Can you add rennet to make ricotta or will that not work? If so how much? Any other cheese use for the whey from soft cheeses?


----------



## Sondra (Oct 25, 2007)

depends on how you made your soft cheese I think


----------



## Guest (Apr 17, 2009)

I was told to add vinger, boil it then strain. Have not tried it.


----------



## shawhee (Jun 28, 2008)

I made Fromage Blanc - it is good!! But recipe for ricotta says do not use whey from soft cheese as there is not enough rennet in it. So... I was just wondering.
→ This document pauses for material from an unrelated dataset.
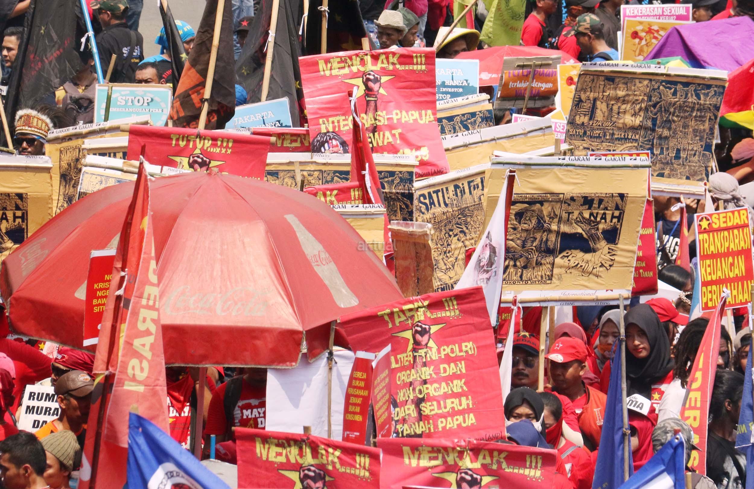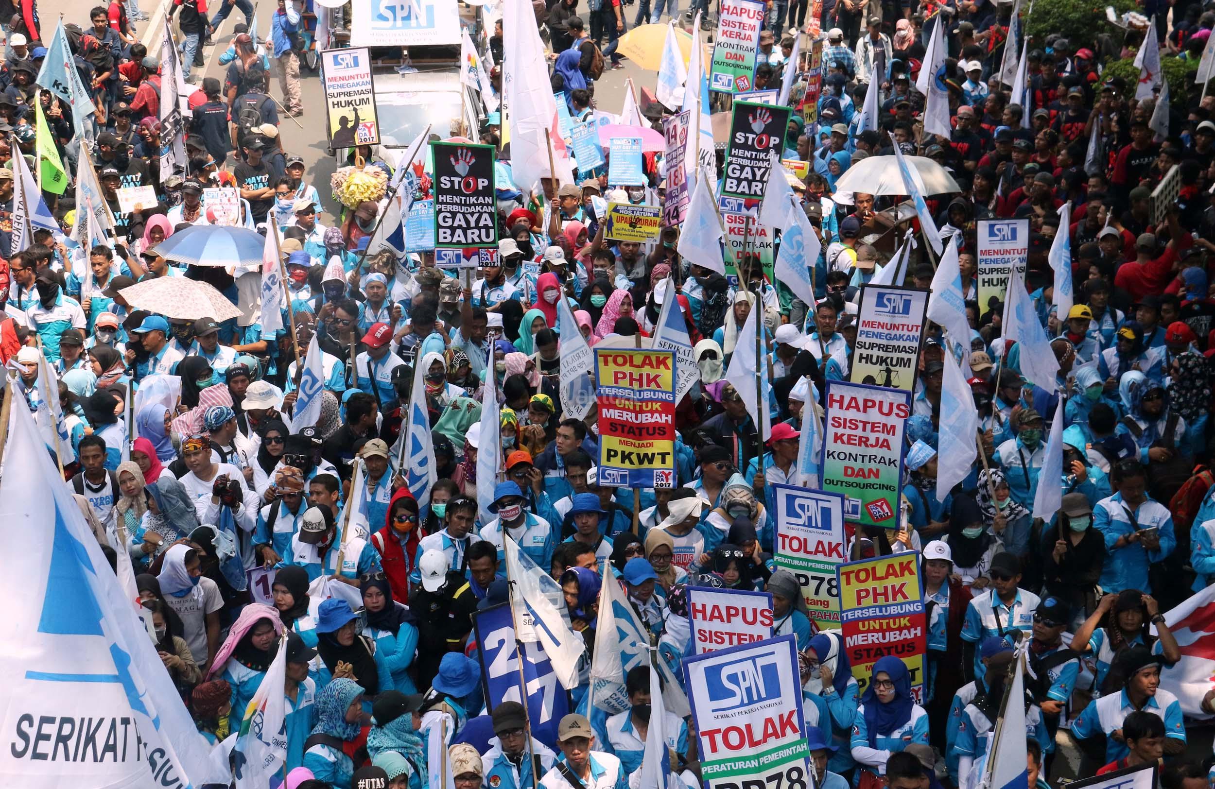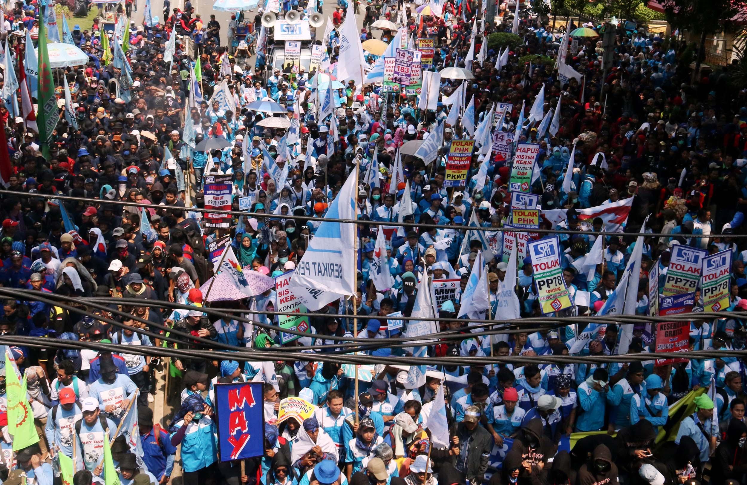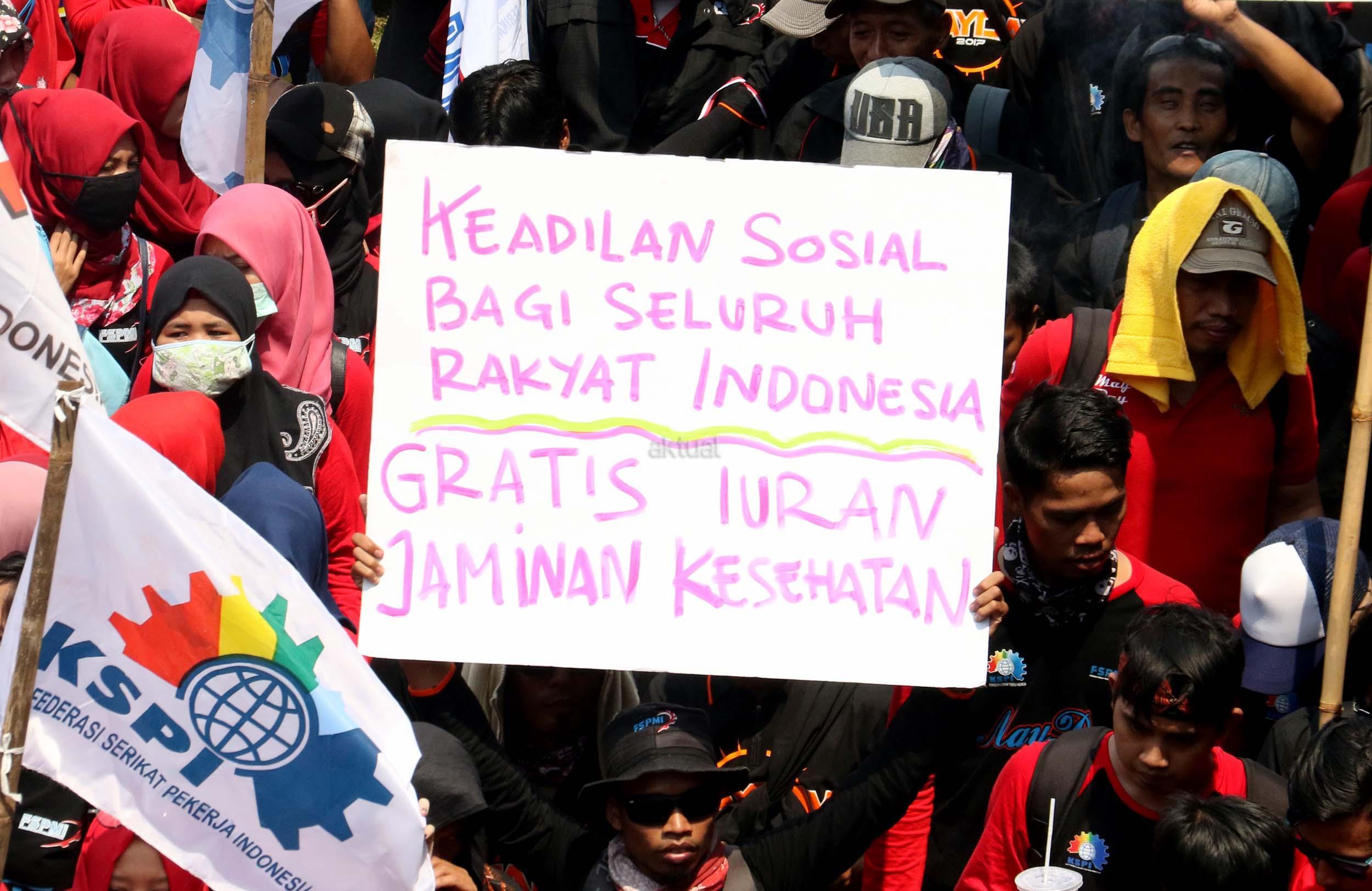 Hari Buruh sedunia diperingati ribuan buruh dari wilayah Jabodetabek dengan menggelar aksi unjuk rasa menuntut penghapusan outsourcing, jaminan sosial pekerja dan tolak upah murah. AKTUAL/Munzir

Whey went into the garden this time but I thought I would ask just to see. I used the FB culture from the coop that we just did.

Shawna


----------



## Sondra (Oct 25, 2007)

http://fiascofarm.com/dairy/ricotta.html


----------



## Guest (Apr 17, 2009)

I always make mine with the whey from Mozzarella. I just add milk when the temp gets to 190 then bring it back to 200 and it's done. The Mozz whey has enough rennet and acid to produce a wonderful curd, all I add is milk.

Christy


----------



## shawhee (Jun 28, 2008)

Christy thanks that sounds like same recipe I was looking at. Guess I make Mozz if I want ricotta LOL


----------



## Madfarmer (Nov 18, 2008)

Once you have mozzarella & ricotta, you can make us some Lasagne! :crazy :biggrin

Tom


----------



## Guest (Apr 21, 2009)

I made some from my soft cheese this weekend and the yeild was low, but it does taste good to me, but then again I have nothing to compair to. 

Better than pouring it down the drain I figure.


----------



## MysticHollowGoats (Nov 5, 2007)

TroyG said:


> Better than pouring it down the drain I figure.


Try using it to boil pasta, that is really good. Also, chicken will divour whey in no time.


----------